Table 2.
Prediction performances of prediction models for the number of all heatstrokes among 6 modelsa.
| GLM using WBGT only | GLM | GAM | RF | XGBoost | Consolidation of 16 GAMs specific to each cityb | |
|---|---|---|---|---|---|---|
| The number of all heatstrokes | ||||||
| Overall predictive accuracies per city per 12 h | ||||||
| RMSE in training | 1.73 | 1.41 | 1.37 | 0.73 | 1.09 | 1.27 |
| RMSE in testing | 3.73 | 2.92 | 2.47 | 3.51 | 3.28 | 5.25 |
| Predictive accuracies on days when the number of heatstrokes spikedc | ||||||
| MAPE per 1-day (%) in training | 22.6 | 18.4 | 18.0 | 8.3 | 11.9 | 16.8 |
| MAPE per 1-day (%) in testing | 43.0 | 27.1 | 19.7 | 32.0 | 28.5 | 19.0 |
| Total absolute percentage error (%) in training | 18.8 | 7.3 | 8.3 | 5.5 | 5.9 | 7.5 |
| Total absolute percentage error (%) in testing | 48.8 | 30.5 | 21.9 | 37.2 | 31.9 | 19.7 |
GLM generalized linear model, GAM generalized additive model, RF random forest, XGBoost extreme gradient boosting decision tree, WBGT wet bulb globe temperature, RMSE root-mean-square error, MAPE mean absolute percentage error.
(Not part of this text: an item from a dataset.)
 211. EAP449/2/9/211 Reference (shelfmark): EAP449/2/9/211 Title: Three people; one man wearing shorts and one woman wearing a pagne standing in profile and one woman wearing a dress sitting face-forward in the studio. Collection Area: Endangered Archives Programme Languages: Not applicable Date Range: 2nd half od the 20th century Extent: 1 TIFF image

aSmaller RMSE, MAPE, and total absolute percentage error show better predictabilities.
bPrediction models specific to each of 16 cities were developed for city-specific prediction.
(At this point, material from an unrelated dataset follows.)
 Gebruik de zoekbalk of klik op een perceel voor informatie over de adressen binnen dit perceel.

cMAPE and total absolute percentage error were calculated after observed and predicted values were summed up per day (for MAPE) per the entire period (for total absolute percentage error) on days when the number of all heatstrokes was 80th percentile (corresponding to 53.6 in 2015, 57.8 in 2016, 60.6 in 2017, and 89.8 in 2018) and over in each year. MAPE is a mean value of absolute errors divided by observed values.